Die Technologie hat sich seit der Einführung von Speed Classes im Jahr 2006 enorm weiterentwickelt. Heutzutage sind die UHS-Standards (Ultra High Speed) der Maßstab. Sie sind in zwei Klassen unterteilt: UHS-I und UHS-II, die Schreibgeschwindigkeiten jenseits von 100 MB/s bieten können. Zusätzlich gibt es noch den Video Speed Class-Standard (z. B. V30, V60), der für hochauflösende Videoformate optimiert wurde. All das macht die traditionelle Class 2/4/6/10-Nomenklatur zwar nicht unnütz, aber ein wenig angestaubt.
Ein Blick auf die Verpackung moderner SD-Karten zeigt, dass viele Karten zwar immer noch eine "Class" angeben – sie dient Laien als grobe Orientierungshilfe –, aber die Hersteller vermehrt auf UHS-Angaben oder gar spezialisierte Video- und Gaming-Symbole setzen.
Wenn ihr immer noch Class 4-Karten verwendet und sie für eure Zwecke ausreichen, gibt es keinen Grund zur Sorge. Alte Speicherkarten verschwinden nicht über Nacht aus der Technik – aber wer auf die neusten Anwendungen (wie 4K-Aufnahmen) umsteigen will, ist gut beraten, auch die Speicherkarte aufzurüsten.

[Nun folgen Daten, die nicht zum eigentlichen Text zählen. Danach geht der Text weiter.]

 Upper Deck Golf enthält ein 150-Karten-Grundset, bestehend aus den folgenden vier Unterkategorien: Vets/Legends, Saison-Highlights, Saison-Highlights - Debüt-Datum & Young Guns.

Einige Benutzertipps für Speicherkarten
Der Markt für Speicherkarten kann überwältigend sein, und es gibt einige Feinheiten, die du im Hinterkopf behalten solltest:
1. Kompatibilität: Nicht alle Geräte unterstützen jede Geschwindigkeitsklasse. Ein Gerät, das nur Class 4 unterstützt, kann mit Class 10-Karten oftmals nichts anfangen.
2. Markenwahl: Es mag verlockend sein, besonders günstige No-Name-Speicherkarten zu kaufen, aber Vorsicht: Diese Karten sind häufig langsamer als versprochen oder – schlimmer noch – sie weisen Datenfehler auf. Setze auf bewährte Marken wie SanDisk, Samsung oder Kingston.

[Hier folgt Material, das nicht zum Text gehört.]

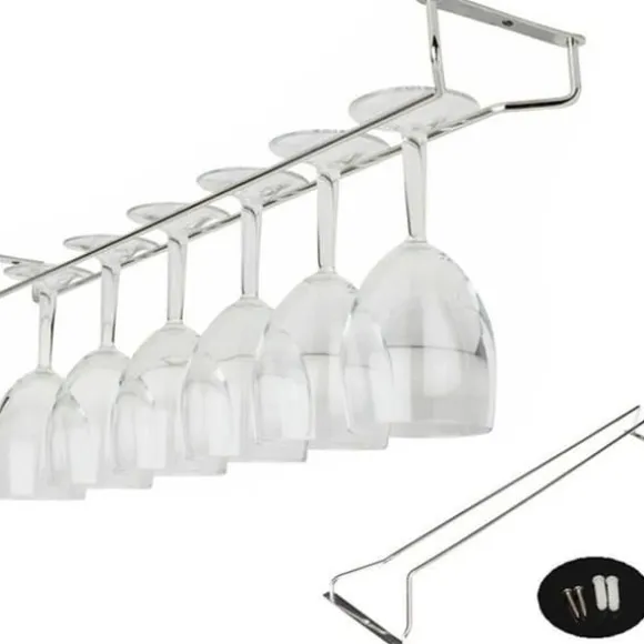 Denna 55 cm glashållare i rostfritt stål är perfekt för hem, barer och restauranger. Det låter dig visa dina vinglas elegant samtidigt som du minimerar risken för att de går sönder. Perfekt för vinälskare, den kombinerar kvalitet och funktionalitet.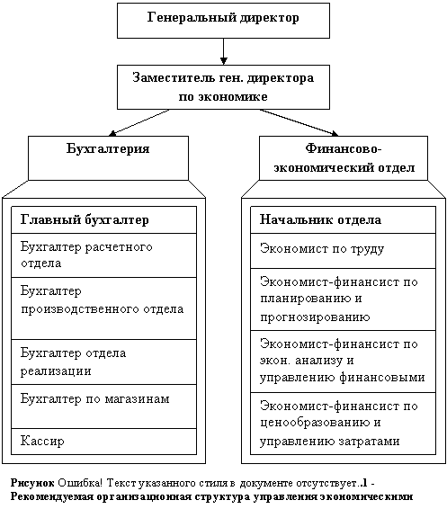Фактическая численность учетно-финансового отдела - шестнадцать человек, из них 11 человек занимаются бухгалтерской работой, четыре экономиста, и инженер по организации труда. Следовательно необходимо выделить в составе организационной структуры предприятия бухгалтерию и финансово-экономический отдел. Так же необходимо разделить полномочия между этими экономическими службами. Рекомендуемая структура управления экономическими службами представлена на рисунке 4.1.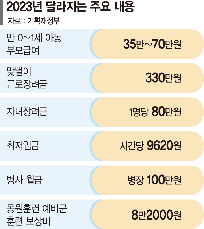 맞벌이 근로장려금 330만원 2주택자 종부세 중과 폐지 병장 월급 100만원으로 올라 6월 28일부터 ‘만 나이’로 통일 올해 1월부터 만 0∼1세 아동 부모에게 부모급여가 월 최대 70만원 지급된다. 맞벌이 기준 근로장려금은 300만원에서 330만원으로, 자녀 1명당 자녀장려금은 70만원에서 80만원으로 인상된다. 종합부동산세가 완화돼 기본공제가 공시가 9억원으로 오르고 1가구 1주택자는 공시가 12억원까지 비과세된다. ■0세 아동 부모급여 월 70만원 5일 기획재정부는 '2023년부터 이렇게 달라집니다' 책자를 발간하고 36개 정부기관 249건의 달라지는 법·제도를 수록했다. 부모급여는 1월 1일부터 만 0세 아동에 월 70만원, 만 1세는 월 35만원이 지급된다. 근로·자녀장려금의 재산요건을 확대하고 최대 지급액을 인상한다. 재산 요건은 2억원 미만에서 2억4000만원 미만으로 확대된다. 근로장려금 지급액은 단독가구 150만원에서 165만원, 홑벌이는 260만원에서 285만원, 맞벌이는 300만원에서 330만원으로 확대된다. 자녀 1명당 자녀장려금은 70만원에서 80만원으로 오른다. 종합부동산세는 1가구 1주택자의 경우 공시가 12억원까지 비과세, 2주택자 종부세 중과도 폐지된다. 3주택 이상도 과세표준 12억원 이하는 중과되지 않는다. 생애최초 주택구입자는 200만원 한도에서 취득세를 면제받게 된다. ■최저임금 시간당 9620원 최저임금은 시간당 9620원으로 인상돼 주40시간 근로 기준으로 월 201만580원을 받게 된다. 4인가구 기준 최대 생계급여액은 올해 154만원에서 내년 162만원으로 인상된다. 연금계좌 세액공제 한도는 200만원 상향된다. 연금저축 납입액은 400만원에서 600만원, 개인형 퇴직연금(IRP) 등 퇴직연금 포함 시에는 700만원에서 900만원까지 세액공제된다. 연금소득이 1200만원을 초과하는 경우 다른 소득과 합산해 종합과세했다. 하지만 올해부터 분리과세(15%)를 선택할 수 있다. 세액공제 한도 상향은 2023년 1월 1일 이후 납입분부터, 1200만원 초과 연금소득의 분리과세 선택은 2023년 1월 1일 이후 연금수령분부터 적용된다. 생계급여와 의료급여 수급자의 재산을 산정할 때 적용하던 지역 구분 방식은 3급지에서 4급지로 개편한다. 기본재산공제액도 확대해 더 많은 수급자에게 혜택을 제공한다. 재산기준 완화로 생계급여 3만5000가구, 의료급여 1만3000가구가 수혜를 받게 될 것이라고 복지부는 전망했다. 자립준비청년 자립수당은 35만원에서 올해부터 월 40만원으로 오른다. 1인가구 기준 58만3400원이던 생계지원금 단가는 62만3300원으로 올라간다. 장애수당의 단가도 올해부터 50% 인상된다. ■낡은 주택도 층간소음 기준 강화 미세먼지 방지를 위해 노후경유차 조기폐차 지원은 4등급 경유차까지 확대한다. 굴착기·지게차 건설기계도 지원한다. 4등급 경유차량 조기폐차가 계획대로 진행되면 자동차 배출 초미세먼지의 약 8.4%, 온실가스의 약 4.8%가 줄어든다는 게 기재부의 계산이다. 분쟁·민원이 심각한 공동주택 층간소음 기준이 강화돼 기존 노후주택도 강화된 기준을 적용받게 된다. 공동주택 층간소음 기준은 주간 39㏈, 야간 34㏈로 4㏈씩 강화된다. 2005년 6월 30일 이전에 사업승인된 노후공동주택의 경우 2024년 12월 31일까지는 소음 기준에 5㏈을 더한 값을, 2025년 1월 1일부터는 2㏈을 더한 값을 적용한다. 자영업자 고용보험료 지원 대상도 확대된다. 자영업자 고용보험료 납부부담 경감을 위해 근로자를 고용하고 있지 않은 소상공인으로 한정해 보험료의 20~50%를 5년간 지원해 왔지만 제도 개선을 통해 자영업자 고용보험에 가입한 소상공인 고용보험료를 지원받을 수 있게 된다. ■6월 28일부터 만 나이로 통일 새해 병사 월급은 병장이 100만원으로 올라 전역 때 받는 내일준비적금 정부 지원금 30만원을 적용하면 병장은 월 최대 130만원을 받게 된다. 동원훈련예비군 훈련보상비가 2022년 6만2000원에서 32% 증가한 8만2000원으로 인상된다. 6월 28일부터는 한국식 나이 계산법을 폐지하고 만 나이로 민사·행정 기준을 통일한다. 사회서비스형 노인일자리와 민간 취업과 연계되는 민간형 노인일자리도 확대된다. 사회서비스형 1만5000명, 민간형 2만3000개 등 전년 대비 3만8000명이 늘어난다. 재난적의료비 지원 제도의 문턱도 낮아진다. 상반기부터 지원 대상에 미용·성형 등을 제외한 모든 질환이 포함된다. 한도는 연 3000만원에서 5000만원으로 올라간다. 의료비 기준은 연간 소득의 10%를 초과할 경우로 재산 기준은 과세표준액 7억원 이하로 각각 완화된다. ![]() |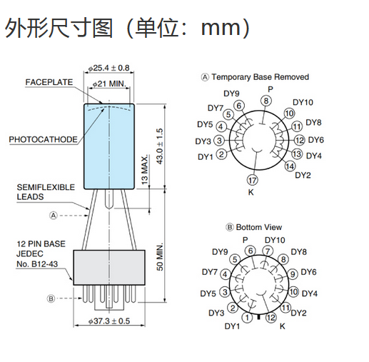 光阴极面区域尺寸 |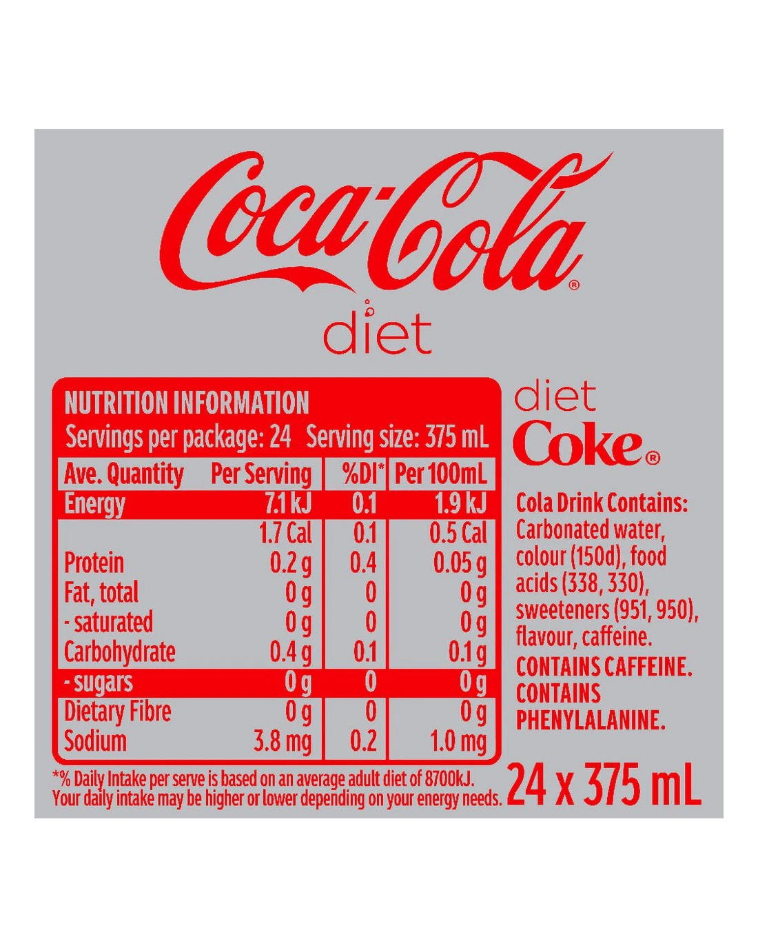Diet Coca-Cola Cans 375mL 24 Pack

3. Die richtige Kapazität: Geschwindigkeit ist nicht alles. Überlege, wie viel Speicher du wirklich brauchst. Eine kleine 4-GB-Karte mag für einfache Aufgaben ausreichen, aber bei hochauflösenden Videos oder Fotos wirst du sie schnell vollstopfen.
4. Langlebigkeit und Pflege: Speicherkarten sind robuster, als man denkt, aber nicht unkaputtbar. Schütze sie vor Wasser, extremen Temperaturen und magnetischen Feldern.

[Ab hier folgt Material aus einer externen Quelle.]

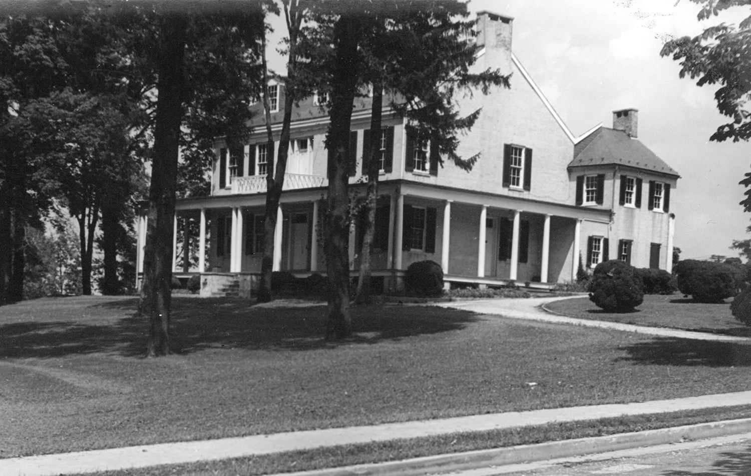 Black and white image of Westminster's City Hall, also known as Emeral Hill, the home of J. K. Longwell. View taken from Longwell Avenue showing front and side of building including addition on back. Includes sloping lawn around house and part of street. Dated Sept. 2, 1940. Image size: 4.5" x 6.5".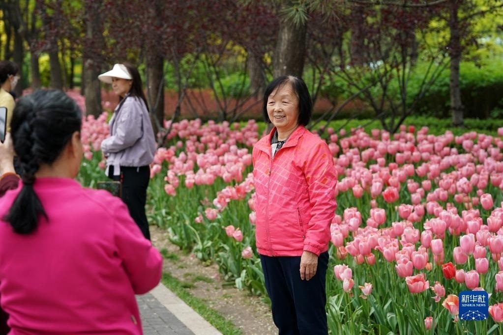 近日,山西省太原市迎澤公園內(nèi)各色郁金香競(jìng)相綻放,吸引游人前來(lái)觀花賞景。新華社記者 詹彥 攝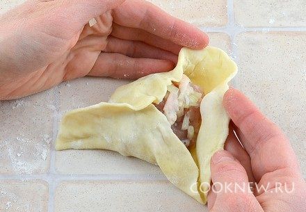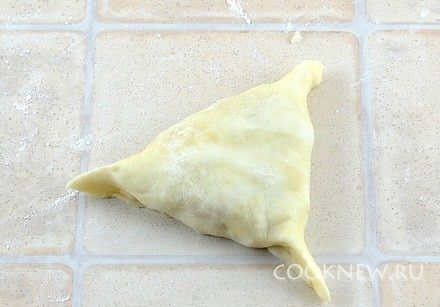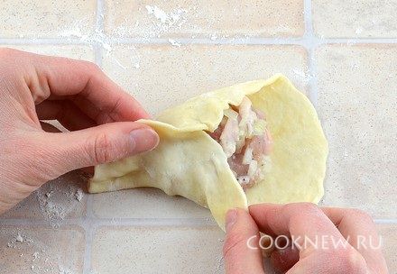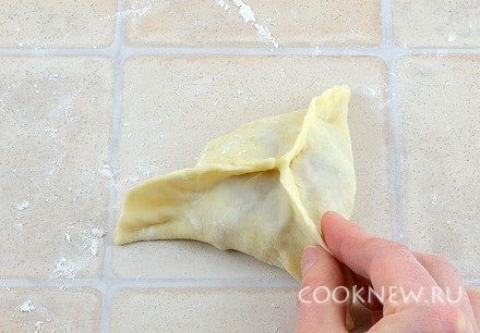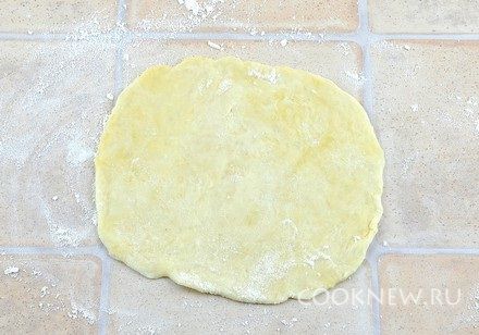 Каждый кусочек теста размять руками. Затем раскатать в тонкий круг диаметром примерно 12 см (при необходимости подсыпать муку)
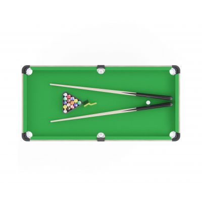 В набор входят все необходимые принадлежности: 2 кия, комплект шаров, 2 мелка, треугольник для расстановки и щётка для ухода за покрытием. Можно сразу начинать играть без дополнительных покупок.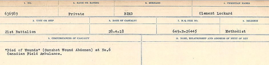 Digital gallery of Private Clement Lockard Bird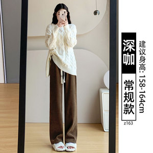 雪尼尔羊羔绒阔腿裤女2025新款秋冬加绒高腰垂感休闲慵懒风直筒裤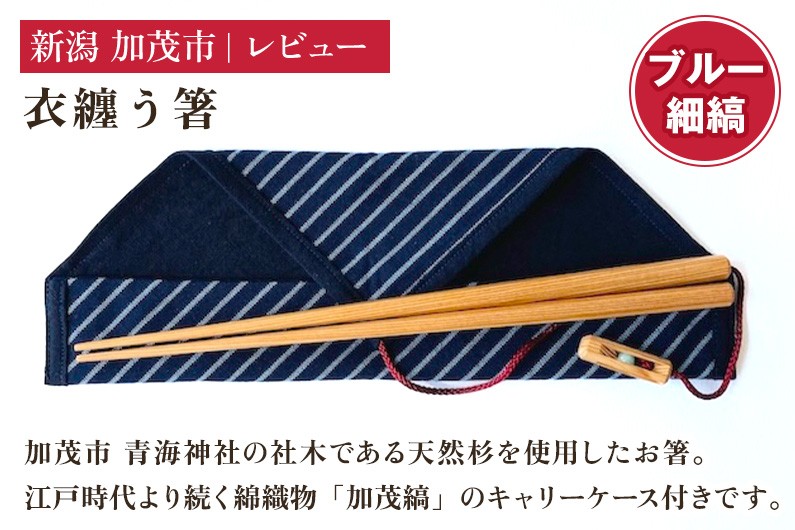 加茂市青海神社の天然杉を使用。加茂縞のケースが付いた、職人手作りの真心込めた箸。 衣纏う箸 ブルー細縞(キャリーケース付き) おはし 木製 杉製 カトラリー 食器 縁起物 ギフト プレンゼント 加茂市 株式会社レビュー

Abschließendes Fazit: Brauche ich wirklich eine Class 4?
Die Antwort auf diese Frage ist – natürlich – ein klares "Es kommt darauf an". Für die alltägliche Nutzung in älteren Geräten oder weniger anspruchsvollen Anwendungen ist Class 4 noch immer eine brauchbare Wahl. Aber wenn du heute eine neue Speicherkarte kaufen möchtest und planst, sie für anspruchsvollere Aufgaben wie 4K-Videos, Gaming oder schnelle Fotoaufnahmen zu verwenden, ist eine Karte mit höheren Geschwindigkeitsklassen eine wesentlich bessere Option.
Solltest du dir eine Erinnerung mitnehmen, dann diese: Speicherkarten sind keine Modeaccessoires. Ihre "Leistung" sollte primär zu deinem Bedarf und Budget passen – und nicht zu einem verschärften Tech-Wettrüsten.
Und wenn das nächste Mal jemand fragt, was eigentlich "Class 4" bedeutet, kannst du mit einem wissenden Lächeln (und dieser Erklärung!) kontern.